- PROBLEM TO SOLVE
When you repeat the material, keep each line exact and omit the pictures.
═════ INFORMATION SUPPLIED
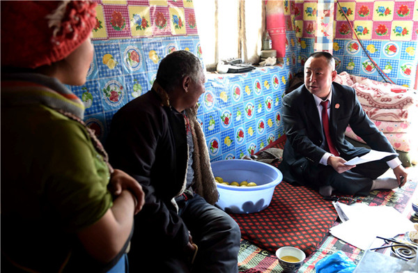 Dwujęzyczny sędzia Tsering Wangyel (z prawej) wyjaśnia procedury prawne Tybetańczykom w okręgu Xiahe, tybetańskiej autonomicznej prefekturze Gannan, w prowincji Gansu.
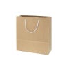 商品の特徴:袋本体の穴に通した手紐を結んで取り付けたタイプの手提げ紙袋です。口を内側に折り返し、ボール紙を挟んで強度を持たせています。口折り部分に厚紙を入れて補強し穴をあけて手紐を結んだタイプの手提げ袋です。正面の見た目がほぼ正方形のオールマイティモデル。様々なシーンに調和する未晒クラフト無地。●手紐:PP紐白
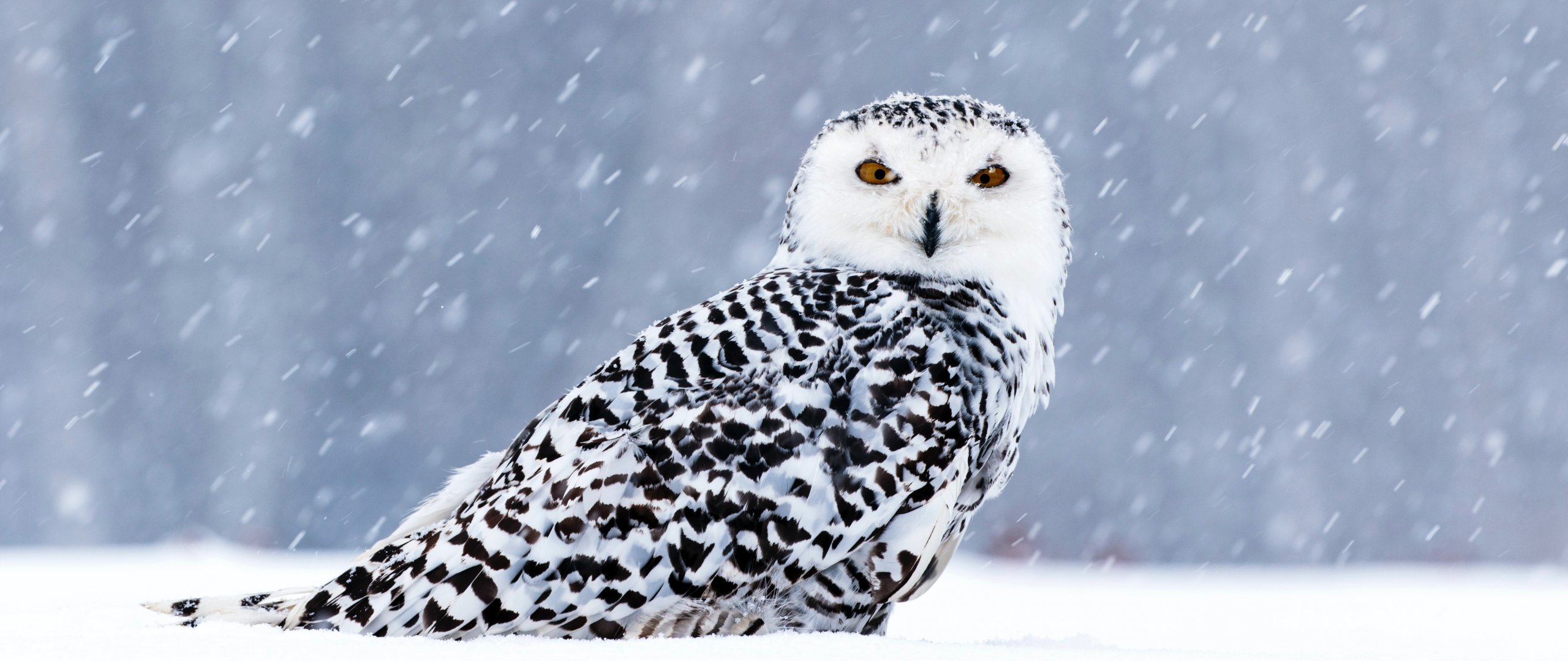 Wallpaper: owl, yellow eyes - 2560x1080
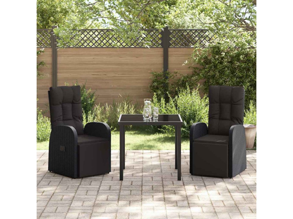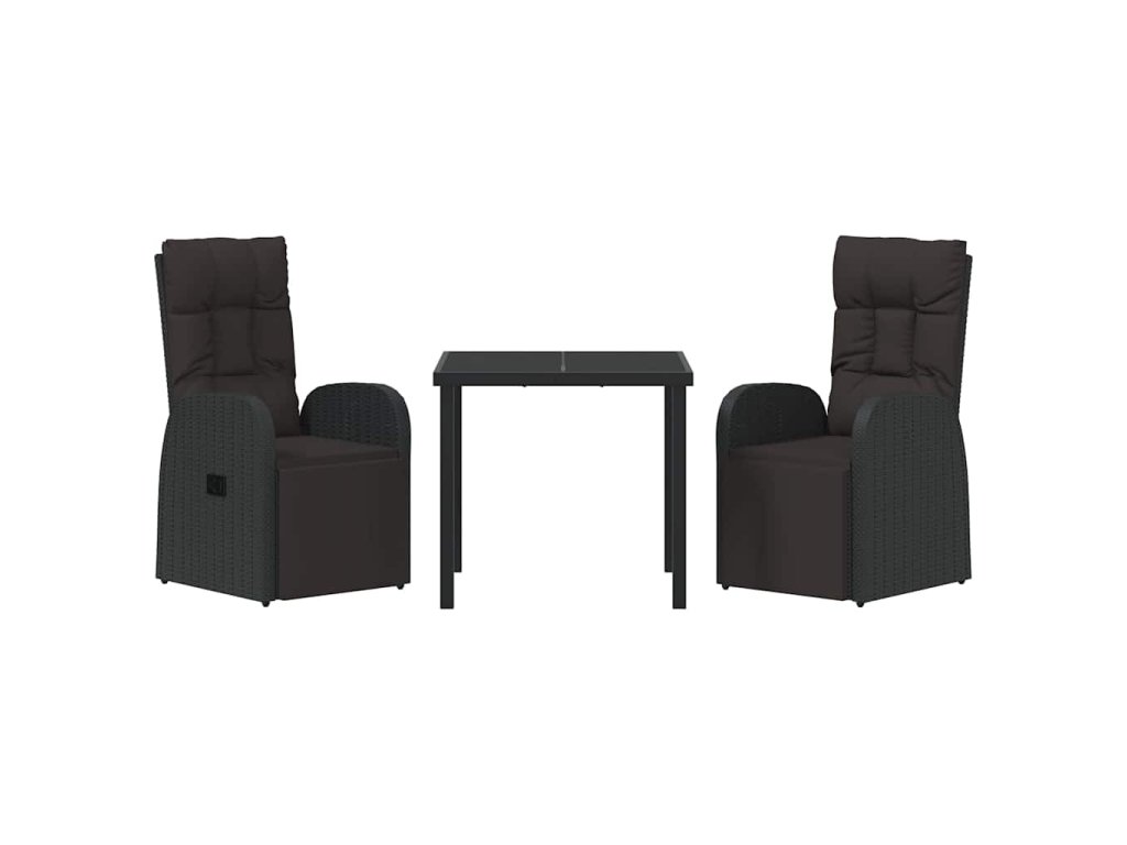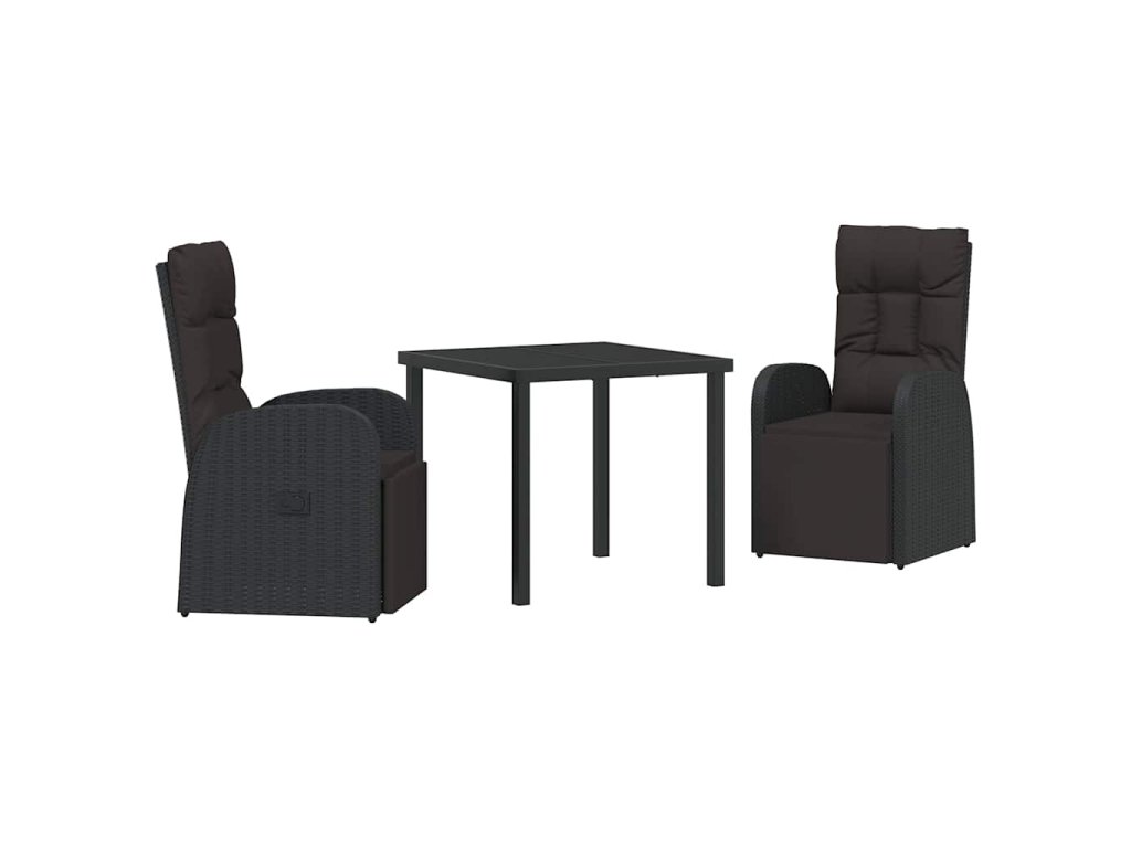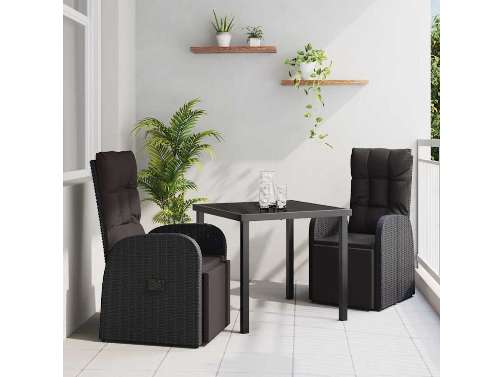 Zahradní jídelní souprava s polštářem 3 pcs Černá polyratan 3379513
══════════
- OUTPUT
 Dwujęzyczny sędzia Tsering Wangyel (z prawej) wyjaśnia procedury prawne Tybetańczykom w okręgu Xiahe, tybetańskiej autonomicznej prefekturze Gannan, w prowincji Gansu.
 商品の特徴:袋本体の穴に通した手紐を結んで取り付けたタイプの手提げ紙袋です。口を内側に折り返し、ボール紙を挟んで強度を持たせています。口折り部分に厚紙を入れて補強し穴をあけて手紐を結んだタイプの手提げ袋です。正面の見た目がほぼ正方形のオールマイティモデル。様々なシーンに調和する未晒クラフト無地。●手紐:PP紐白
 Wallpaper: owl, yellow eyes - 2560x1080
 Zahradní jídelní souprava s polštářem 3 pcs Černá polyratan 3379513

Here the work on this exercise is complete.